From: Jim Choate <ravage@ssz.com>
To: cypherpunks@ssz.com (Cypherpunks Distributed Remailer)
Date: Thu, 20 Nov 1997 21:12:44 -0600 (CST)
Reply-To: Jim Choate <ravage@ssz.com>

Forwarded message:
From owner-traveller@Phaser.ShowCase.MPGN.COM Thu Nov 20 21:07:00 1997
Message-Id: <3.0.3.32.19971120170206.007b1100@mail.deltanet.com>
X-Sender: fuz@mail.deltanet.com
X-Mailer: QUALCOMM Windows Eudora Pro Version 3.0.3 (32)
Date: Thu, 20 Nov 1997 17:02:06 -0800
To: traveller@MPGN.COM
From: Scott Ellsworth <Scott_Ellsworth@alumni.hmc.edu>
Subject: Re: Environmentalism (was Re: Crimes)
In-Reply-To: <199711202104.QAA14932@Mithril.MPGN.COM>
Mime-Version: 1.0
Content-Type: text/plain; charset="us-ascii"
Sender: owner-traveller@Phaser.ShowCase.MPGN.COM
Reply-To: traveller@MPGN.COM

At 04:00 PM 11/20/97 -0500, Rob Flamming wrote:
>> From: bmac@astro.ucla.edu (Bruce Alan Macintosh)
>>>Economics is not a /prescription/ for how humans
>>>   /should/ behave; it is a /description/ of how humans /do/ behave.
>> Economics doesn't reflect absolute truths; it makes subjective decisions
>> based on relatively arbitrary criteria, including extremely arbitrary 
>> accounting conventions. 
>   Economics reflects truth in the same way that Physics, Chemistry, and
>   other sciences reflect truth.  Obviously, an incorrect economic theory
>   will not model the truth correctly just as an incorrect physical
>   theory will not model the truth correctly.

Please do not take this too badly, but I must strenuously disagree,  A
primary difference between Physics, Chemistry, and other hard sciences, and
Economics, along with many of the other social sciences is repeatability
and system independence.  Most of the hard sciences have varying degrees of
those, while the social sciences have a hard time inducing them.  I draw
this conclusion after earning two degrees in hard science, and working for
the last five years for Economists developing Econometric software, so I am
not arguing from a purely theoretical basis.

Repeatability:

Like cosmology, Economics has a hard time coming up with new data for a
previous situation - once the situation has passed, you have all of the
data you are ever likely to get on that economic climate.  Even if it
returns, it is not likely to be a similar situation.  This problem plagues
economists, especially since when you start abstracting things in the model
to make it one that might be general enough to apply to more than a single
economic era, the benefits of the models tend to vanish.
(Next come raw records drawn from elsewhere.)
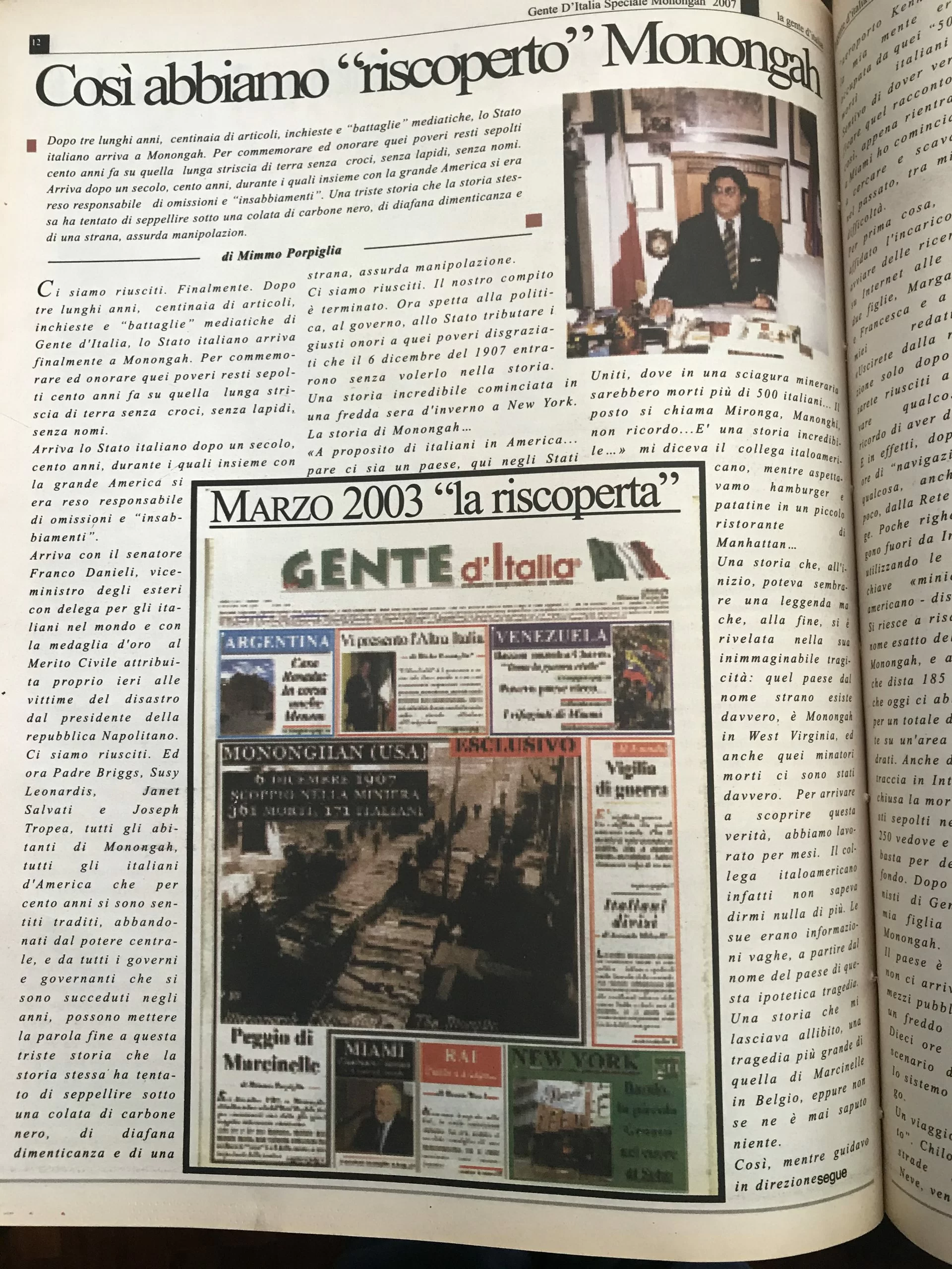 E qui mi corre l'obbligo di ringraziare le tre persone che hanno avuto un peso determinante nel far conoscere al mondo la tragedia di Monongah: il senatore Mario Baccini, sottosegretario agli esteri del governo di allora, l'ambasciatore Sergio Vento capo della nostra diplomazia negli Usa ed il collega Paolo Peluffo direttore del Dipartimento per l'informazione e l'editoria, a quel tempo portavoce del presidente della repubblica Ciampi e capo dell'ufficio stampa del Quirinale.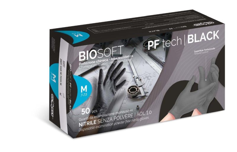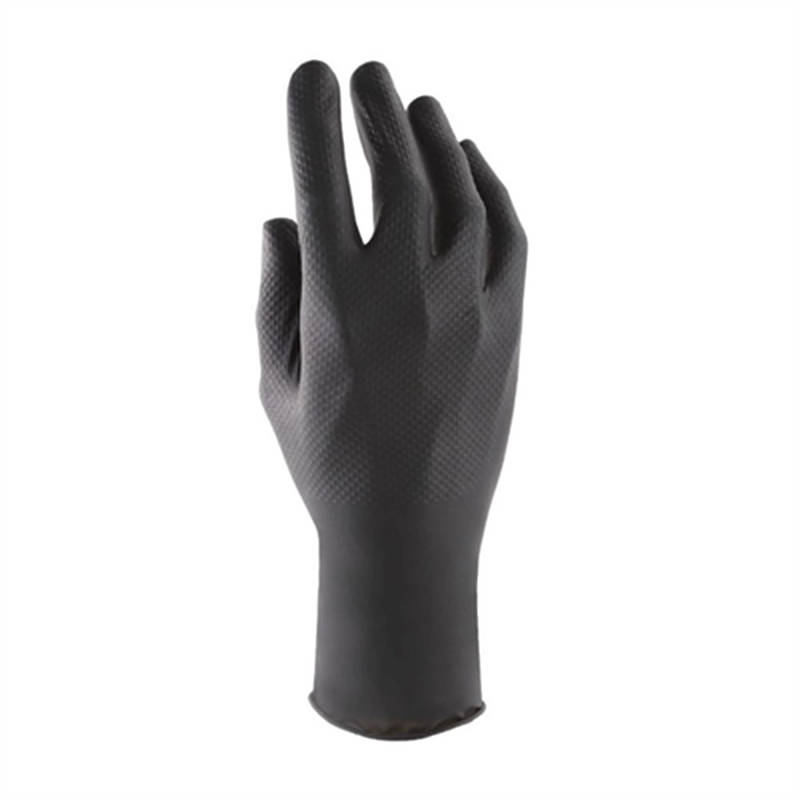 Guanto in nitrile nero, senza polvere, superficie testurizzata 3D a diamante, idoneità alimentare. 240 mm – min. 8,4 gr. ± 0,2 AQL 0.65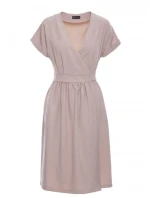 HLAVNÍ LÁTKA 63% polyester 33% wiskoza 4% elastan PODŠÍVKA 95% polyester 5% elastan LÁTKA: hladká tkaná látka s jemným povrchem PODROBNOSTI O PRODUKTU Výstřih: zavinovací výstřih do V Límec: šálový límec Rukávy: 7/8 délky s ohrnutými manžetami Pas: zvýrazněný páskem Zapínání: zavazování v pase Kapsy: žádné Podšívka: částečně podšitá Model: S415 Navrženo a vyrobeno v Polsku Modelka je vysoká 174 cm a nosí velikost S STYL A STŘIH Styl: zavinovací šaty Tvar: vypasovaný vršek, rovná sukně s mírným uvolněním Délka: pod kolena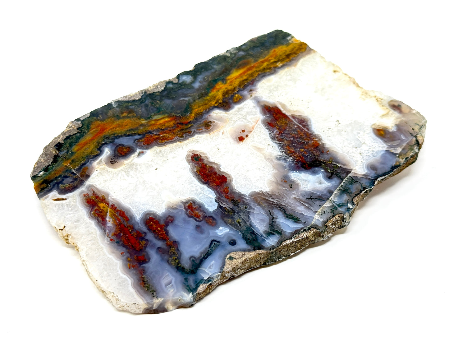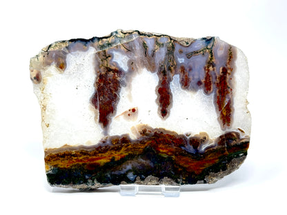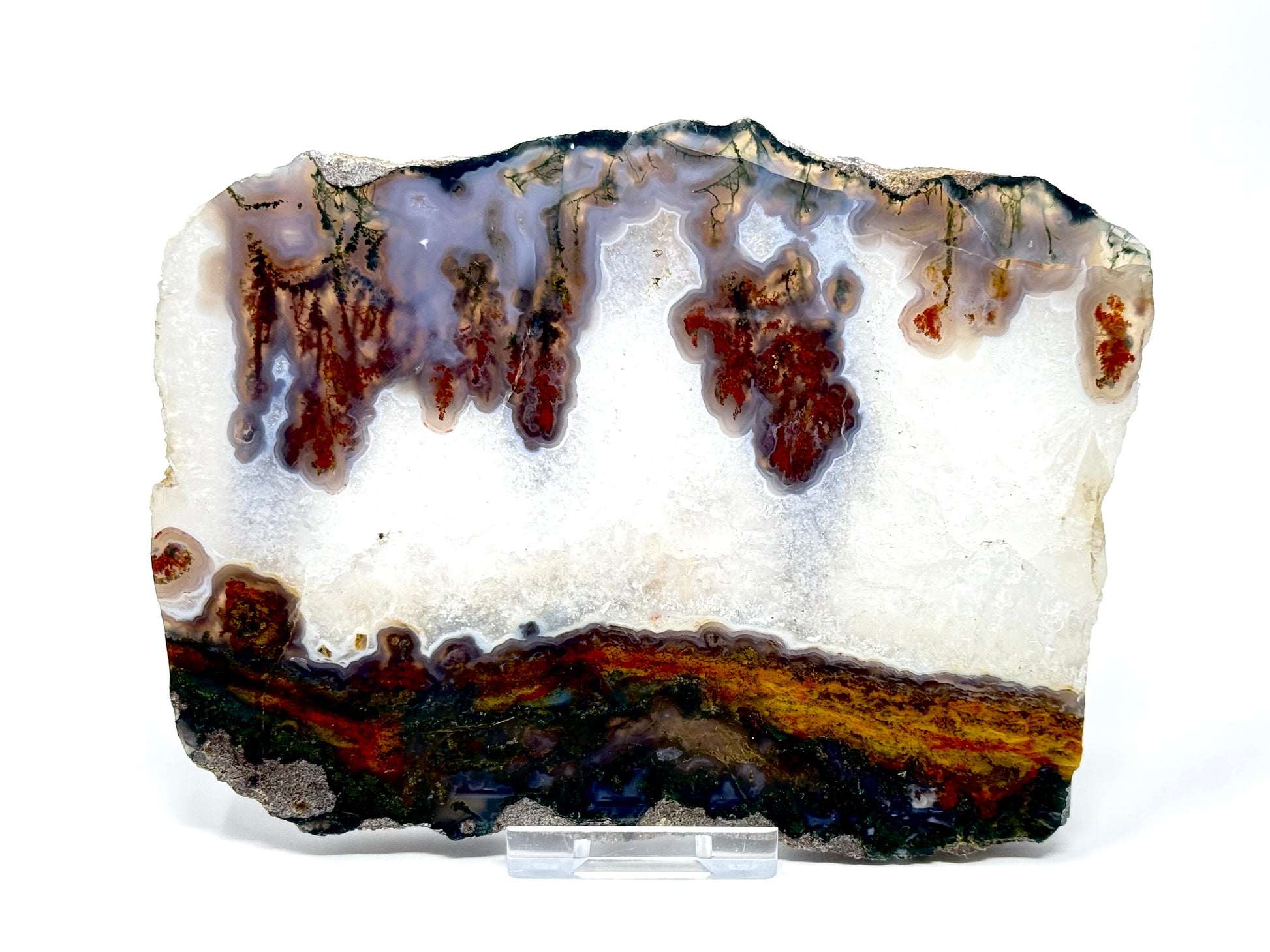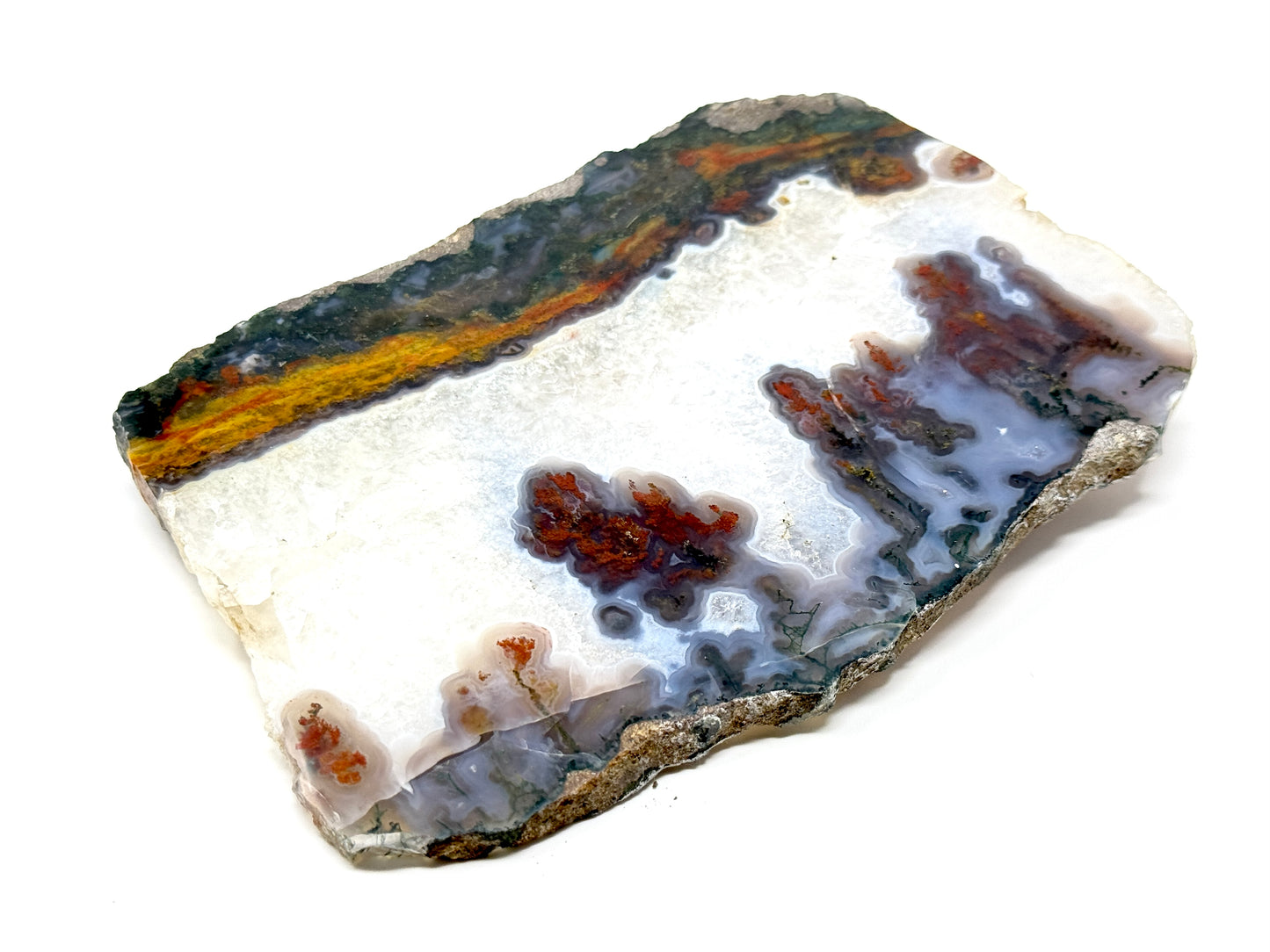 This Moss Agate Slice showcases stunning milky White Quartz/ White Agate and gorgeous translucent Blue-Grey Agate/ Blue-Grey Chalcedony adorned with dark and verdant green tree-like, moss-like dendritic patterns.

This might arguably be solved with better computing power, and a more
comprehensive model of how societies function.  I do believe, for instance,
that the Vilani system was far better understood, as they had much less
diversity, and thus could reasonably expect to see similar situation arise.

System independence:

The physical universe cannot change behavior according to our current
theories, while the people who practice and formulate economics can alter
the behavior of the people they are trying to model.  For instance, recent
census data has pointed out the new trends in child rearing, especially as
it affects the number of single parents.  This information has already
started to affect the debates on welfare and other issues, which means that
a model that perfectly predicted behavior without that information would
have some added difficulty.

I am aware that QM implies a lack of observer independence, but on the
macro scale that most hard sciences take place, observer independence is
still effective.  For example, if you are measuring the Hall effect, which
depends on QM, you will get statistically significant experimental results
which match a colleague with different expectations, even if the data has
already been published.

>  Making sure that your
>   theories are right is what makes science in general so hard, but the
>   whole idea of all sciences is that they reflect the truth and
>   (eventually) weed out falsehood.

Clearly, clearly, but it is easier to do this in the physical sciences
where you system does not adapt to what you do quite so well, and where
your system can be reset to the initial state so you can look at it in detail.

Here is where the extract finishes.